This post has been updated to more accurately reflect the Empire Center's political affiliations.
Dive Brief:
- New analysis from Empire Center, a nonprofit think tank located in New York's capital of Albany, shows the state's new Clean Energy Standard will cost consumers more than $3 billion across the next five years while having little impact on greenhouse gas emissions and ignoring needed grid upgrades.
- This summer, state regulators approved a standard directing the state to get half its power from renewable sources by 2030, while guaranteeing income for three struggling upstate nuclear power plants.
- The plan will have "a barely discernible impact on global greenhouse gas emissions," the report concluded, adding that regionally emissions could rise if changes are not made to the Regional Greenhouse Gas Initiative.
Dive Insight:
New York Gov. Andrew Cuomo has hailed the state's CES as a necessary move to reduce emissions, and supports for three struggling nuclear plants as an essential part of the carbon-free strategy. But the Empire Center analysis questions those findings, suggesting regional emissions could rise without some policy changes.
“The Clean Energy Standard shapes up as a massive unlegislated tax increase, imposed through utility charges,” Empire Center policy analyst Ken Girardin said in a statement. According to the report, the CES will add almost $3.4 billion to New York utility bills in the next five years, and then 50% renewables mandate does not provide for necessary improvements to the grid.
"The PSC also failed to consider the added conventional generating capacity needed to back up renewables when the sun isn’t shining and the wind isn’t blowing," the report says.
Empire Center bills itself as non-partisan, a label some policy-watchers dispute. According the the Center for Media and Democracy, the center is a project of the Manhattan Institute, a free market think tank, and a member of the State Policy Network, a group of "mini Heritage foundations" that push conservative policies nationwide.
The group questions the overall impact of the clean energy standard, arguing that without changes to the multi-state RGGI compact, the end result will be lower emissions from New York, resulting in greater pollution within the region.
"Reductions in carbon emissions from New York power generators could be offset by an increase in emissions in eight other RGGI states," the Center said. "Even accepting the premise that forced renewable usage is justified, it would have made more sense to steer utilities toward a fixed amount of renewable capacity or generation, rather than an arbitrary fraction of an unknown future demand."

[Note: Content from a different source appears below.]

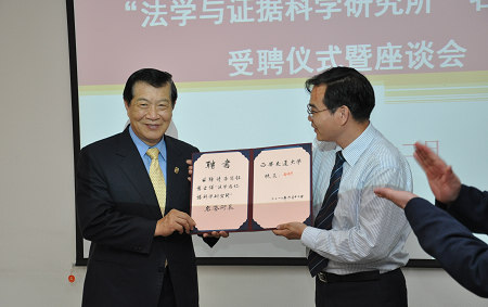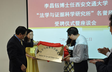 10时整,李博士的受聘我校“法学与证据科学研究所”(ILES,“法证据所”)名誉所长仪式在主楼E910会议室隆重举行。仪式由开云足球_开云(中国)院长单文华教授主持。徐宗本副校长、国际处梁莉处长、开云足球_开云(中国)党委书记彭沪生、ILES所长李生斌教授和马治国教授以及开云足球_开云(中国)王保民副院长出席了仪式。在热烈的掌声中,徐宗本副校长代表学校向李昌钰博士颁发了聘书,并同李博士一起为我校“法学与证据科学研究所”揭牌。李昌钰博士将一条美国康州警政厅的警官领带赠与徐宗本副校长,他还向在场的其它几位学院领导赠送了礼物。徐副校长发表了热情洋溢的讲话,他首先对李博士的访问表示感谢,并对李博士的受聘表示祝贺,希望李博士能把他的真知灼见,经验智慧传授给我校广大师生。他指出,“事是靠人做出来的”,希望在李博士的指导和支持下,开云足球_开云(中国)和医学院法医学科充分发挥各自优势,把“法学与证据科学”这个新兴的交叉学科做好做强。李博士也发表了热情洋溢的讲话。他首先以DNA立法为例,充分肯定了法学与法医学开展学科合作,成立法学与证据科学研究所的重要意义。他指出当代科学研究的发展已经把两个学科紧密地联系在一起,法学和法医携手开展证据科学等交叉学科研究,是两个学科保持前沿性,培植学科新增长点的重要举措。他表示,“能够担任贵所所长是我的荣幸”。他说,“很多地方想以我的名字命名成立研究所等,但我都拒绝了。我想,以人的名字命名很容易,但一个人要想真正做点事却很难。就像生小孩一样,要培养他,让他健康成长,所以,我以后会尽力为大家做好服务,也欢迎大家到美国,到我的学校来。”随后,李教授与开云足球_开云(中国)师生进行一场以“法学与证据科学”为主题的座谈会。座谈会上,李博士幽默风趣,侃侃而谈。老师和同学们踊跃发言,与李博士的讨论热烈而有趣。最后,单文华院长作了总结发言。老师和同学们意犹未尽,都觉得学到了很多书本上没有的知识。

In addition to the renewables standard, New York directed almost $1 billion to the Fitzpatrick, Ginna and Nine Mile plants over the first two years of the program, in order to keep them from closing down. The plants are expected to produce 27.6 million MWh of carbon-free generation per year, making their operation essential to meeting Cuomo's goal of cutting greenhouse gas emissions 40% from 1990 levels by 2030, and 80% by 2050.